__What you have to do__: Retype only what runs from the first line of the records to the line with "Incaton Fake Nose", inclusive, and no pictures.

Data records
▬▬▬

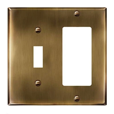 ENERLITES Combination Toggle Switch & Decorator Receptacle Metal Wall Plate, Stainless Steel Outlet Cover, Corrosion Resistant, Standard Size 2 Gang 4.50" x 4.57", 771131 AB, Antique Brass
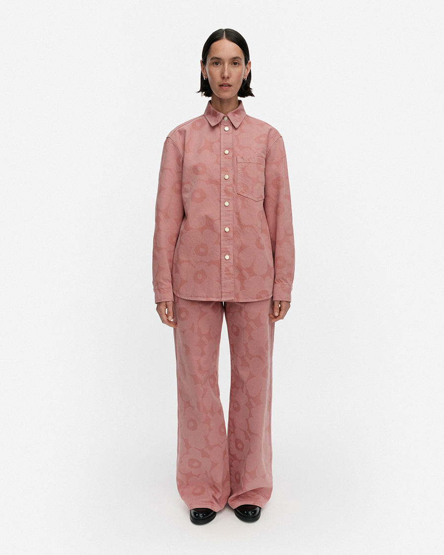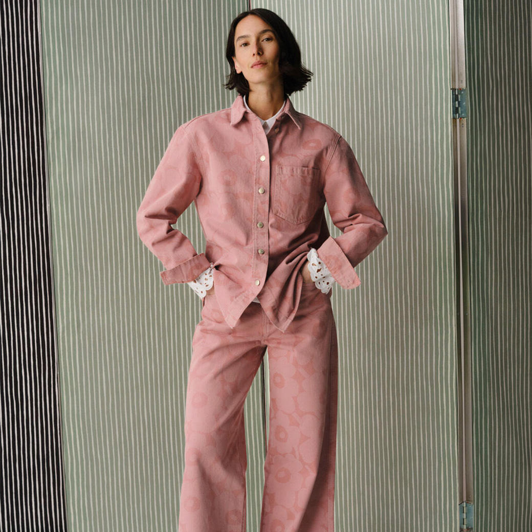 Maija Isolaによる象徴的なUnikkoをあしらったダスティピンクのデニムスタイルや、美しいキャラメルカラーの無地デニムが登場。新たにプリントの仲間に加わるのはKeidas(ケイダス)。1967年にAnnika Rimala(アンニカ・リマラ)がユースカルチャーのエネルギーに着想を得た、リズミカルで装飾的なデザインが、デニムシャツやルーズパンツに落とし込まれています。
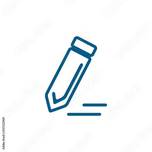 Pencil Line Blue Icon On White Background. Blue Flat Style Vector Illustration.
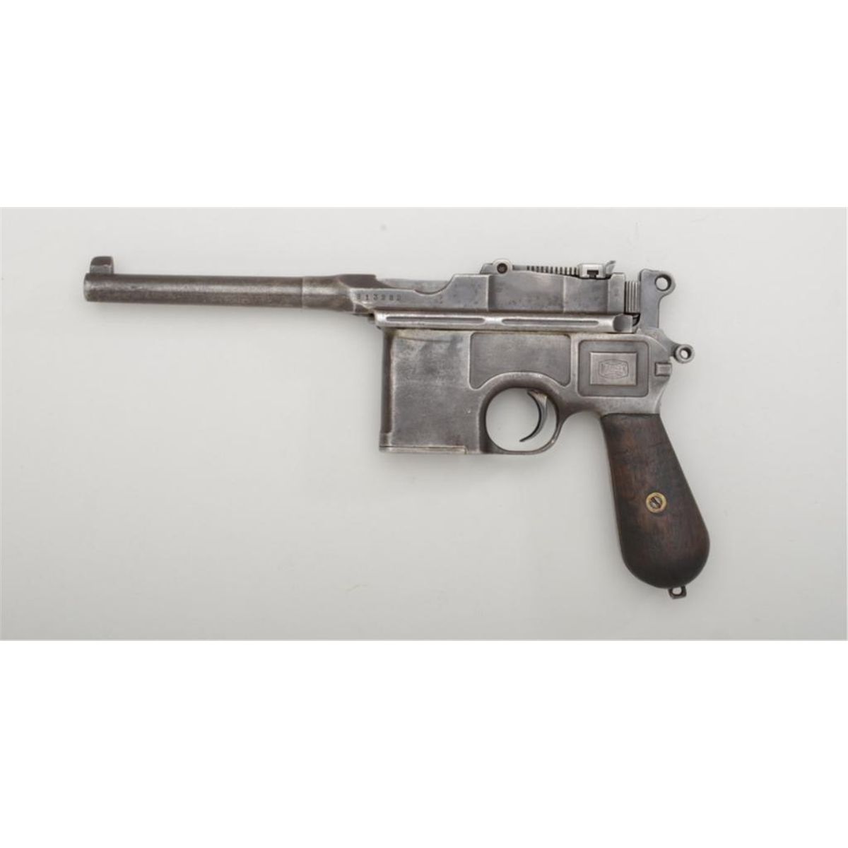German Mauser broomhandle semi-auto pistol, import-marked, brown patina finish, smooth wood grips, #813282. This gun is in overall good condition showing a brown patina on metal surfaces, some scattered pitting, darkbore, crisp action, good Mauser marking on left side of frame, worn grips. Est.: $300-$500.
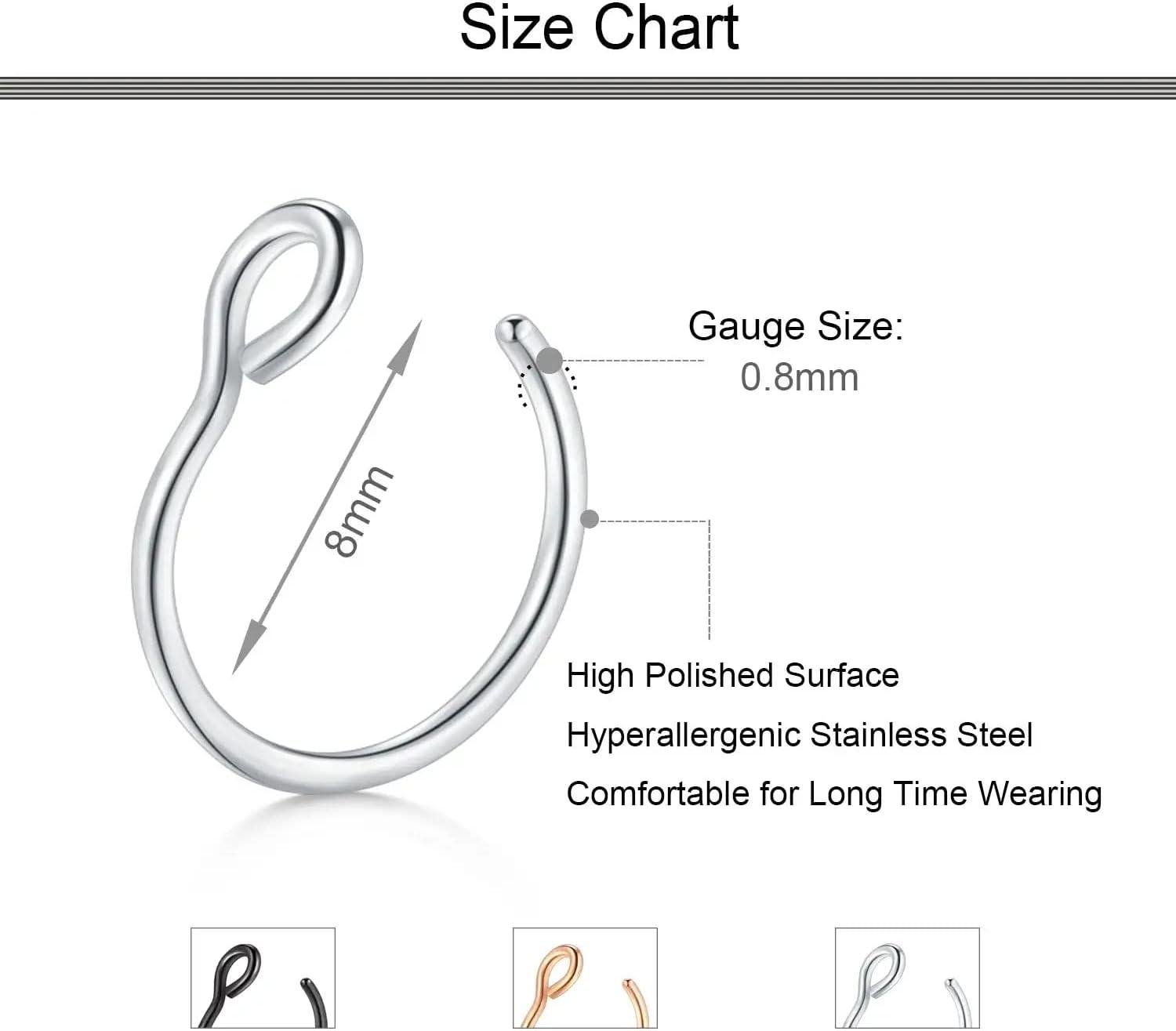 Incaton Fake Nose Ring Magnetic Nose Stud Fake Nose Ring Hoop Fake Nose Ring Stud Double Fake Noe Rings for Women Men
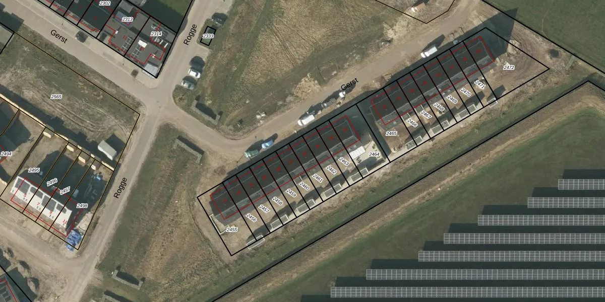Het perceel waarop Gerst 34 staat heeft een oppervlakte van 114 m². Dit is een middelgroot perceel. De perceeloppervlakte wordt geregistreerd door het Kadaster. Gedetailleerde informatie over de maten van dit perceel kunt u vinden in het rapport Kadastrale kaart met maatvoering van Gerst 34.
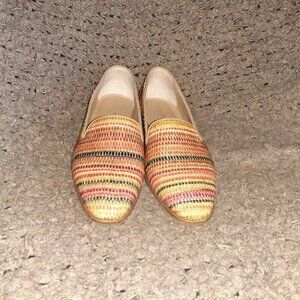 MATTEO BERTONI-Italy-Superb Multicolor Glazed Straw/Leather Flat-Sz 37-Excellent
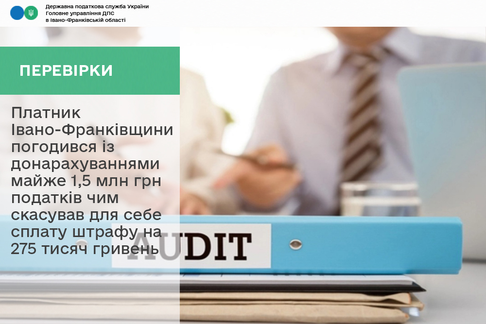 За результатами перевірки діяльності одного з підприємств Івано-Франківщини податковий аудит виявив ряд порушень податкового законодавства та донарахував до сплати в бюджет 1,494 мільйона гривень податкових платежів.
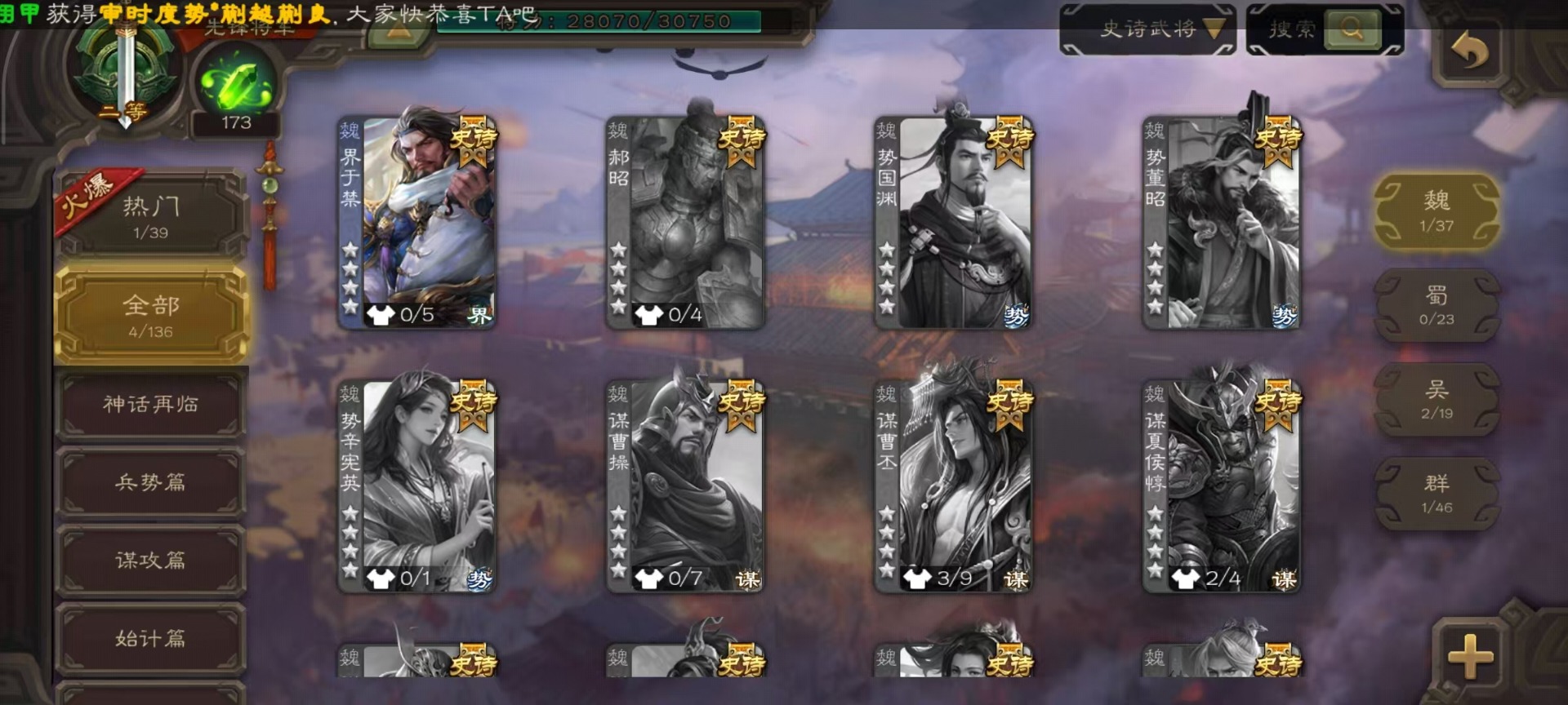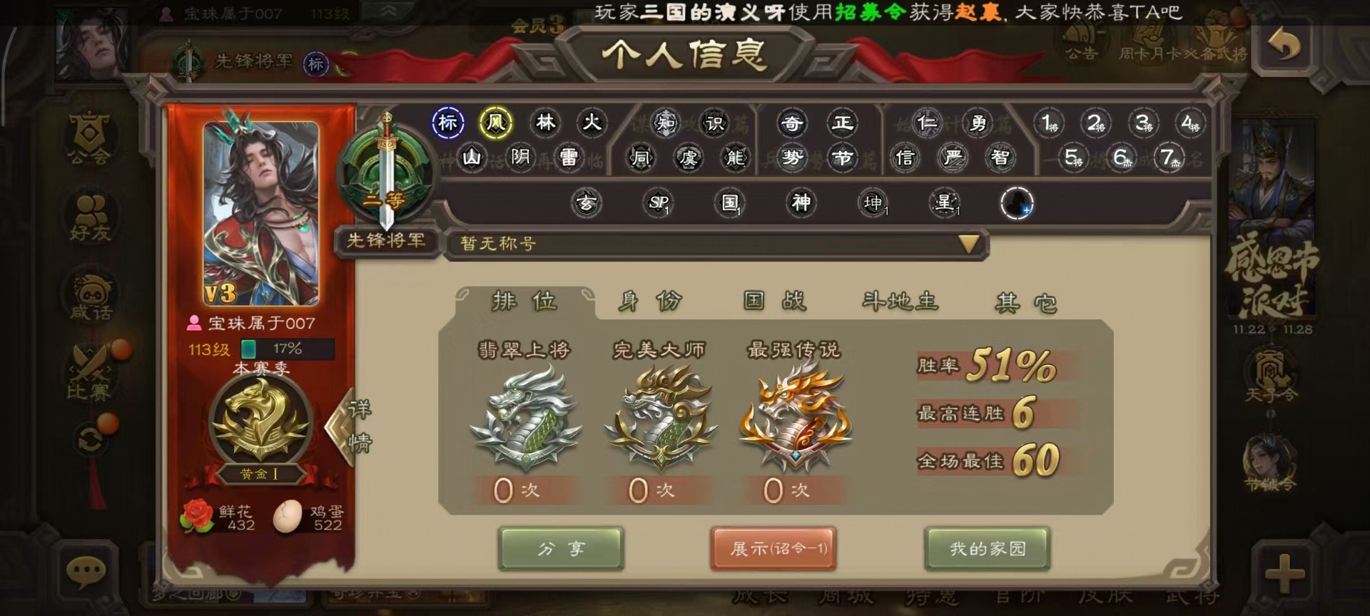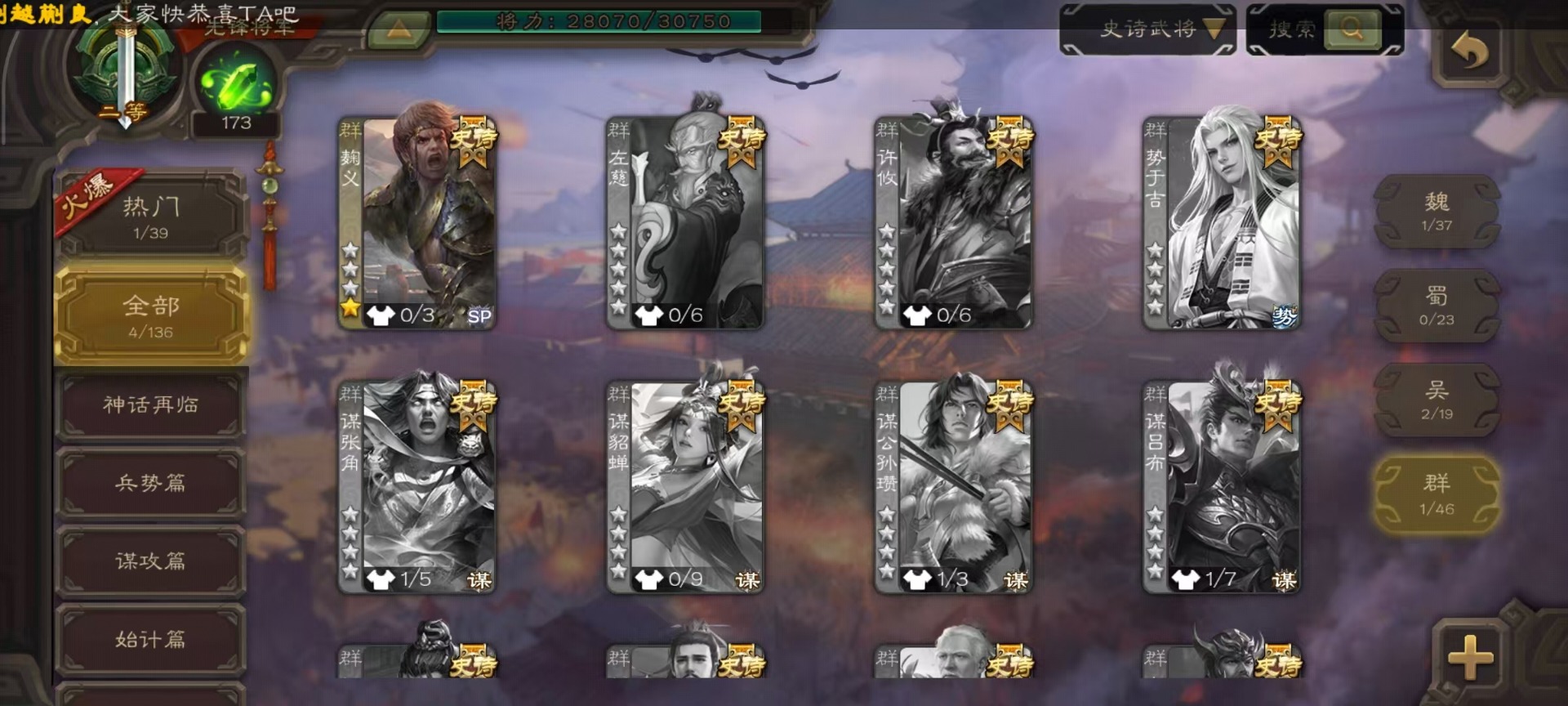 [14374998]vip3 先锋将军 146武将 4动态皮肤 4史诗武将 【魏国武将】:界于禁甄姬司马懿许褚夏侯惇郭嘉曹仁曹操张辽 【吴国武将】:界徐盛贺齐 【群国武将】:麹义

▬▬▬

__Reply to the exercise__:
 ENERLITES Combination Toggle Switch & Decorator Receptacle Metal Wall Plate, Stainless Steel Outlet Cover, Corrosion Resistant, Standard Size 2 Gang 4.50" x 4.57", 771131 AB, Antique Brass
 Maija Isolaによる象徴的なUnikkoをあしらったダスティピンクのデニムスタイルや、美しいキャラメルカラーの無地デニムが登場。新たにプリントの仲間に加わるのはKeidas(ケイダス)。1967年にAnnika Rimala(アンニカ・リマラ)がユースカルチャーのエネルギーに着想を得た、リズミカルで装飾的なデザインが、デニムシャツやルーズパンツに落とし込まれています。
 Pencil Line Blue Icon On White Background. Blue Flat Style Vector Illustration.
German Mauser broomhandle semi-auto pistol, import-marked, brown patina finish, smooth wood grips, #813282. This gun is in overall good condition showing a brown patina on metal surfaces, some scattered pitting, darkbore, crisp action, good Mauser marking on left side of frame, worn grips. Est.: $300-$500.
 Incaton Fake Nose Ring Magnetic Nose Stud Fake Nose Ring Hoop Fake Nose Ring Stud Double Fake Noe Rings for Women Men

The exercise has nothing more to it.